Though paying off your student loans might seem utterly overwhelming and impossible to accomplish, there are ways to make the process faster, more bearable, and more organized. Take a peek at some of these methods that can help you 1) begin chipping away at your seemingly insurmountable debt and 2) build habits that will keep you in a financial sweet spot once you’ve gotten that debt under control:

Nip it in the Bud:

If your only source of debt is from your education (and you aren’t planning on taking out more loans), the best way to prevent your financial problems from growing out of control is by ensuring that you don’t borrow more money. To give an example, buying big items with money you don’t have and racking up a credit card debt is not a great idea if you’re already trying to pay off other larger, more significant expenses. For some people, this might be an easy step — for others, making a conscious choice to only spend money you physically have could be a difficult lifestyle change. Either way, what is important is that you nip the problem in the bud and focus on managing the debt you already have, not adding to it.

Reconfigure Your Budget:

I’m not sure about you guys, but when I feel frazzled or overwhelmed by something, I find that the best way to calm myself down is by reorganizing my thoughts and making a plan going forward. The same is true with your finances! If you’re in debt, chances are your budget could use a makeover; our advice is to sit down and figure out exactly how much money goes where each month and whether you end up with a surplus or a deficit. If you end up with a surplus, great — that money should go towards paying off your loans, no exceptions.
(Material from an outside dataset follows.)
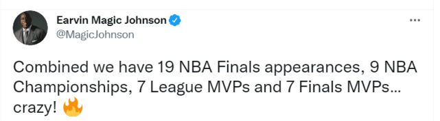 值得一提的是魔术师在几天前还转发了自己和詹姆斯的合影,并配文写道:“合计19次总决赛经历,9个总冠军,7个MVP,7个总决赛MVP……太疯狂了。”魔术师生涯9进总决赛,5夺总冠军,3次拿到MVP,3次拿到总决赛MVP,詹姆斯生涯至今10进总决赛,4夺总冠军,4次拿到MVP,4次拿到总决赛MVP。

If you end up with a deficit, this might mean you need to reconfigure your budget in one of two ways: either you can make more money (get a side job, ask for a raise, work more hours, etc.) or you can trim expenses (lose the gym membership / Netflix subscription, eat out less, don’t go shopping, etc.). Need a bit more help organizing your budget? Check this out.

Emergency Piggy Bank:

I know we just talked about ways to save up more money to put towards paying off your debt, but there’s one more important fund to consider: your emergency piggy bank. This is a small savings fund (~$1000) that you build up and set aside for emergencies — I know it sounds completely unreasonable, especially if you’re already in debt and feel like you can’t afford to leave that much money untouched, BUT you will be so thankful for this money if you ever run into an emergency. Why? Because if you are faced with an emergency without it, chances are you will be forced to go into even more debt which is bad bad very bad (^see Method 1).

Make a Debt-Paying Gameplan:

Tennnn-Hut! Now that you’ve gotten the groundwork set up, it’s time to figure out what approach you want to take to paying off your debts. If you only took out one loan and have just a single interest rate to worry about, great — make a habit of putting all your extra monthly cash toward paying off that debt (plus any excess money that falls in your lap — tax refunds, inheritance, birthday money, etc.). Our suggestion is to preemptively set aside a certain percentage of your income each month that you plan on putting towards your debt — that way you don’t get stuck with empty pockets at the end of the month.

If you took out multiple loans, there are a couple different methods you can use to actively pay off your debts; the first is where you start by paying off your smallest debt (regardless of interest rate). Though this will not save you the most money in the long term, it’s a great way to relieve some of the immediate pressure your debt has been placing on you, plus it will help you build momentum for the future. The second method is called laddering and will be your best long term money-saving plan — what you’ll want to do is organize your loans from highest to lowest interest rates and begin paying off the highest first, regardless of the size of the actual debt. Both of these approaches to debt-paying are smart and viable, the key is to pick the one that better suits your personal situation and stick with it.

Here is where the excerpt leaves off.